Question

The points of intersection of three lines \(2X + 3Y - 5 = 0\), \(5X - 7Y + 2 = 0\) and \(9X - 5Y - 4 = 0\).

• A. form a triangle
• B. are on lines perpendicular to each other
• C. are on lines parallel to each other
• D. are coincident

Hint:

When solving system of linear equations, always check if the points of intersection are distinct to determine if they form a triangle.

Answer 1

The Correct Option is A

To check the relationship between the three lines, we first find the points of intersection. Let's solve the system of two equations at a time to find the points. Step 1: Solve the first and second equation \(2X + 3Y - 5 = 0\) and \(5X - 7Y + 2 = 0\). \[ 2X + 3Y = 5 \quad \text{(1)}
5X - 7Y = -2 \quad \text{(2)} \] Multiply (1) by 5 and (2) by 2 to eliminate \(X\): \[ 10X + 15Y = 25 \quad \text{(3)}
10X - 14Y = -4 \quad \text{(4)} \] Subtract (4) from (3): \[ (10X + 15Y) - (10X - 14Y) = 25 - (-4)
29Y = 29 \Rightarrow Y = 1 \] Substitute \(Y = 1\) into equation (1): \[ 2X + 3(1) = 5 \quad \Rightarrow 2X + 3 = 5 \quad \Rightarrow 2X = 2 \quad \Rightarrow X = 1 \] So, the point of intersection of the first two lines is \((1, 1)\).

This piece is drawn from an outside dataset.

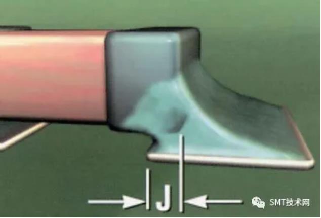 不良:元器件端子與焊盤之間的末端重疊(J)小于元器件端子長度(R)的75%

Step 2: Now solve the second and third equation \(5X - 7Y + 2 = 0\) and \(9X - 5Y - 4 = 0\). \[ 5X - 7Y = -2 \quad \text{(5)}
9X - 5Y = 4 \quad \text{(6)} \] Multiply (5) by 9 and (6) by 5: \[ 45X - 63Y = -18 \quad \text{(7)}
45X - 25Y = 20 \quad \text{(8)} \] Subtract (8) from (7): \[ (45X - 63Y) - (45X - 25Y) = -18 - 20
-38Y = -38 \Rightarrow Y = 1 \] Substitute \(Y = 1\) into equation (5): \[ 5X - 7(1) = -2 \quad \Rightarrow 5X - 7 = -2 \quad \Rightarrow 5X = 5 \quad \Rightarrow X = 1 \] So, the point of intersection of the second and third lines is also \((1, 1)\). Step 3: Finally, check if these lines are not coincident. Since the points of intersection of all three lines are the same, the lines are not coincident. They form a triangle. Thus, the answer is: a. form a triangle.